My question is how you would translate 덧술? Does anyone know the actual English jargon used for this in making alcoholic drinks? 
Thanks


----------



## moondeer

I found the answer, from comments on a thread on homebrewtalk.com (in case anyone is interested):
"Another important factor is feeding makgeolli with multiple rounds of cooked glutinous rice after fermentation has really taken off. You start with one nuruk cake and proceed to add batches of cooked glutinous rice after each peak in fermentation has occured. This first addition is called mitsool and all subsequent stages are known as dotsools. Depending on your recipe you have any where from one to four (sometimes even more) dotsools. In each one of these stages, the initial wild microflora found on the nuruk cake is forced to adapt to the increasing amounts of ethyl alcohol and lower pH created by LAB. This is what makes the process sanitary and clean. It's like the multiple feedings in maintaining a sourdough culture and keeps the culture strong and in log growth phase."


----------



## moondeer

Since then I've discovered it's called a "mash," fyi


----------



## CharlesLee

Hello, moondeer.

Korea had about 120 types of alcohol. 밑술 and 술밑 have the same meaning.

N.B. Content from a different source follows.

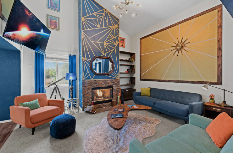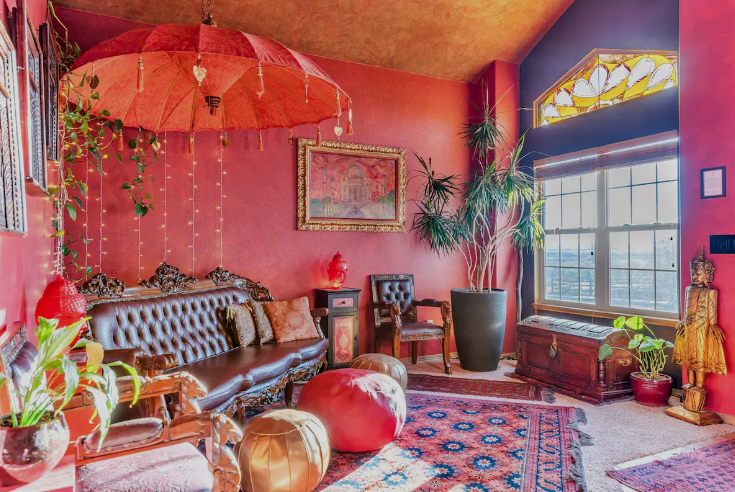 This unique Colorado Airbnb offers an Indiana Jones-style adventure within its decor. Guests love the Element House Treasure Hunt, a quest with 13 hidden clues throughout the home, promising hidden keys, challenges, and even possible treasure. The eclectic decor ranges from Middle Eastern tapestries and Khan weaponry to the fire-themed Victorian touches and elemental-themed bedrooms. Enjoy backyard relaxation or activities like meditation and axe throwing.

When 밑술 is made, and again the same process goes with the 밑술. Then that becomes 덧술.

First process = 밑술 or 술밑

Second process = 덧술

The quality of alcohol can get better with 덧술 process.

I found out 덧술 process can be different from other alcohol. Sometimes waiting for 72 hours or 24 hours.

It depends on which alcohol you want to make. The purpose of 덧술 is to make alcohol degree.

P.S. Tokki soju is made by an American and you can taste in New York and South Korea.


----------



## CharlesLee

Hello, moondeer

In the link, there is one recipe of alcohol called 삼해주.

덧술 is different from usage of material that could be 멥쌀, 찹쌀, 밀가루.

She used 밀가루(flour), and 멥쌀. She has been designated as intangible cultural asset.

She used 밑술, 중밑술,and 덧술. In the video, 덧술담그기 process is shown.

I'm not a professional person, but I'm Junior sommelier. It's really hard to explain about 덧술 for me.

I hope the video could help you.


----------